▶ [WORK TO COMPLETE] Return all the lines below exactly. Any picture among them is omitted.

[Records from a dataset]

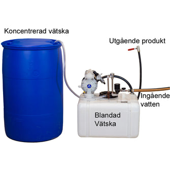 Injektorblanderen brukes til å blande forskjellige væsker, f.eks. avfetting, mikroemulsjoner, glykol, spylervæske etc. Injektor kobles til lokalets vannledning samtidig som sugeslangen kobles til blandevæsken. Den ferdigblandede væsken samles i tanken som er utstyrt med nivåkontroll. Membranpumpen pumper bort den ferdigblandede væsken.
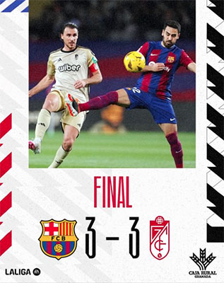 Een kwartier na de pauze nam Granada zelfs de leiding in de wedstrijd via Facundo Pellistri. Het antwoord van Barcelona kwam snel: drie minuten later was het weer gelijk (2-2) na een treffer van Robert Lewandowski. Nog eens drie minuten later, in de 66ste minuut van het duel, nam Granada brutaal opnieuw de leiding: dit keer was het Ignasi Miquel die namens Granada doel trof (2-3). Barcelona moest, ondanks een veldoverwicht, vervolgens tot tien minuten voor het einde wachten alvorens opnieuw Lamine Yamal doel trof en daarmee de eindstand bepaalde op 3-3.
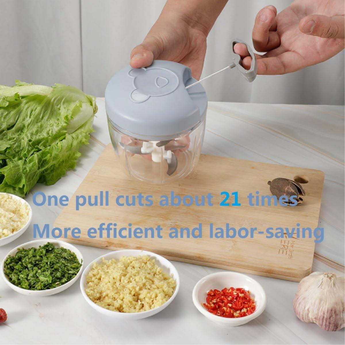 Easy to use: the multi-chopper with 5 stainless steel blades can help you chop food quickly. The more you pull the rope, the finer the food and the transparent bowl allows us to see the food inside.
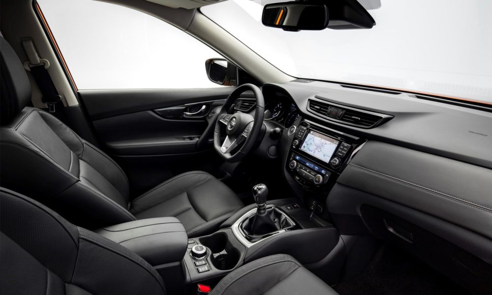 Interiors feature a new D-shaped steering wheel (flat bottom), which gets heating functionality for the first time. Other features include gloss black accents, heated seats, eight-speaker BOSE Premium audio system, DAB digital radio, NissanConnect touchscreen sat nav, and reclining second row seats. A new tan and black two-tone leather interior is an optional extra on Tekna grade.
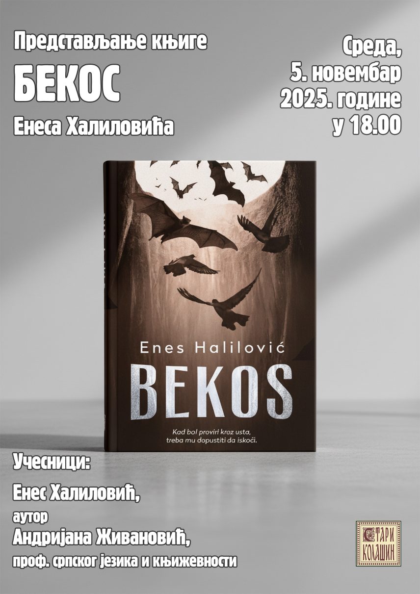 Dom kulture “Stari Kolašin” u sredu ( 5. novembar) u 18 časova organizuje predstavljanje knjige “Bekos” autora Enesa Halilovića.
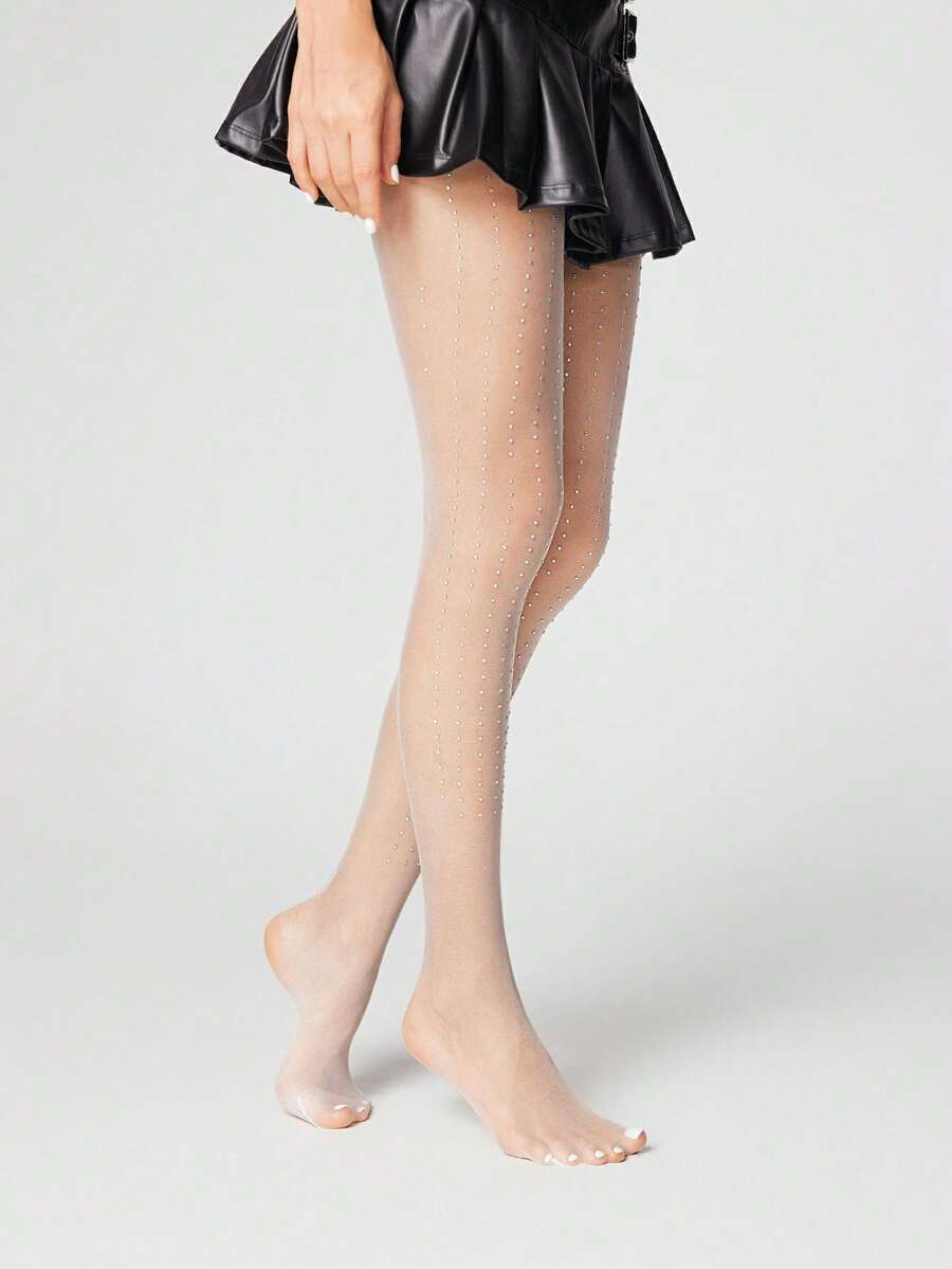 Kawaii زوج من جوارب شبكية للنساء بكريستال أبيض وأسود رأسي مناسبة لجميع المواسم

▶ [TASK RESPONSE]
 Injektorblanderen brukes til å blande forskjellige væsker, f.eks. avfetting, mikroemulsjoner, glykol, spylervæske etc. Injektor kobles til lokalets vannledning samtidig som sugeslangen kobles til blandevæsken. Den ferdigblandede væsken samles i tanken som er utstyrt med nivåkontroll. Membranpumpen pumper bort den ferdigblandede væsken.
 Een kwartier na de pauze nam Granada zelfs de leiding in de wedstrijd via Facundo Pellistri. Het antwoord van Barcelona kwam snel: drie minuten later was het weer gelijk (2-2) na een treffer van Robert Lewandowski. Nog eens drie minuten later, in de 66ste minuut van het duel, nam Granada brutaal opnieuw de leiding: dit keer was het Ignasi Miquel die namens Granada doel trof (2-3). Barcelona moest, ondanks een veldoverwicht, vervolgens tot tien minuten voor het einde wachten alvorens opnieuw Lamine Yamal doel trof en daarmee de eindstand bepaalde op 3-3.
 Easy to use: the multi-chopper with 5 stainless steel blades can help you chop food quickly. The more you pull the rope, the finer the food and the transparent bowl allows us to see the food inside.
 Interiors feature a new D-shaped steering wheel (flat bottom), which gets heating functionality for the first time. Other features include gloss black accents, heated seats, eight-speaker BOSE Premium audio system, DAB digital radio, NissanConnect touchscreen sat nav, and reclining second row seats. A new tan and black two-tone leather interior is an optional extra on Tekna grade.
 Dom kulture “Stari Kolašin” u sredu ( 5. novembar) u 18 časova organizuje predstavljanje knjige “Bekos” autora Enesa Halilovića.
 Kawaii زوج من جوارب شبكية للنساء بكريستال أبيض وأسود رأسي مناسبة لجميع المواسم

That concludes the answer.